Questo spiega perché alcune persone, mettendosi in restrizione calorica, si ritrovano con più kg di prima dopo un certo tempo.
Gli adipociti hanno una forte influenza sul destino metabolico delle calorie introdotte, attraverso la regolazione ormonale, in particolare della leptina. L'infiammazione altera il funzionamento della leptina e degli altri ormoni, tra cui insulina e ormoni intestinali e in questo modo le cellule adipose “diventano più efficienti nell’immagazzinare energia piuttosto che rilasciarla, e l’infiammazione potrebbe essere implicata nella soppressione del rilascio di energia e nella promozione del suo accumulo”.
I meccanismi che mediano la stato infiammatorio sono diversi: lo stress meccanico, dovuto alla sua espansione, i metaboliti batterici, l'ipossia (scarso ossigeno che arriva alle cellule), la morte degli adipociti dovute a tutte queste condizioni (con rilascio di fattori infiammatori della necrosi).

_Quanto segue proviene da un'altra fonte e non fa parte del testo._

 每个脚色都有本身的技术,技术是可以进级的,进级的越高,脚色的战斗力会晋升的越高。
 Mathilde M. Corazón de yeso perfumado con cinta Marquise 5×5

Le vie che poi intervengono sul consumo energetico non sono ben chiare e sono probabilmente ridondanti, ossia sono più di una e hanno molteplici connessioni che si compensano tra loro.
Fare sport potrebbe inoltre essere di modesto aiuto, in quanto la spesa è ridotta e il corpo aumenterà la fame per compensare le energie perse.
Un modo per aumentare la spesa energetica è nutrire il microbiota. Infatti una parte dell'energia della dieta viene modulata dai nostri batteri intestinali. Se assumiamo fibra e amido resistente, il corpo sprecherà più energia e ne assorbirà meno, se invece consumiamo alimenti processati l'energia sarà tutta assorbita e più facilmente accumulata. Per questo una dieta antinfiammatoria come la mediterranea è amica del microbiota e può aiutare a promuovere un bilancio energetico negativo, specie se addizionata con alimenti/integratori prebiotici e probiotici.
Ma in definitiva è nato prima l'uovo o la gallina? Ossia arriva prima l'obesità o l'infiammazione?
"L'obesità provoca sicuramente infiammazione e l'infiammazione, a sua volta, rende le persone più suscettibili all'aumento di peso attraverso la riduzione del dispendio energetico e possibilmente attraverso meccanismi nel cervello che non comprendiamo appieno, che riducono la sensibilità del cervello agli ormoni della sazietà."
Comprendere meglio questi meccanismi potrà aiutarci a curare le persone.
Aggiornamento 14/5/2025
La curcumina migliora il dimagrimento rispetto al solo sport in persone con obesità.
Prendendo 2 gruppi, quello che ha assunto curcuma rispetto a chi non l'ha fatto ha avuto risultati migliori in termini di perdita di grasso.
Aggiornamento 23/6/2025
Il digiuno fatto solo con acqua per alcuni giorni ha creato problemi in un piccolo gruppo di persone che si è sottoposto all'esperimento, condotto anche dal prof Fontana, noto esperto dell'argomento.
Spesso si dice che il digiuno purifica, sfiamma e tante cose buone. In generale non sono d'accordo, dipende molto dalla persona che lo fa e come lo si fa, quindi inutile dire che è qualcosa ideale per tutti.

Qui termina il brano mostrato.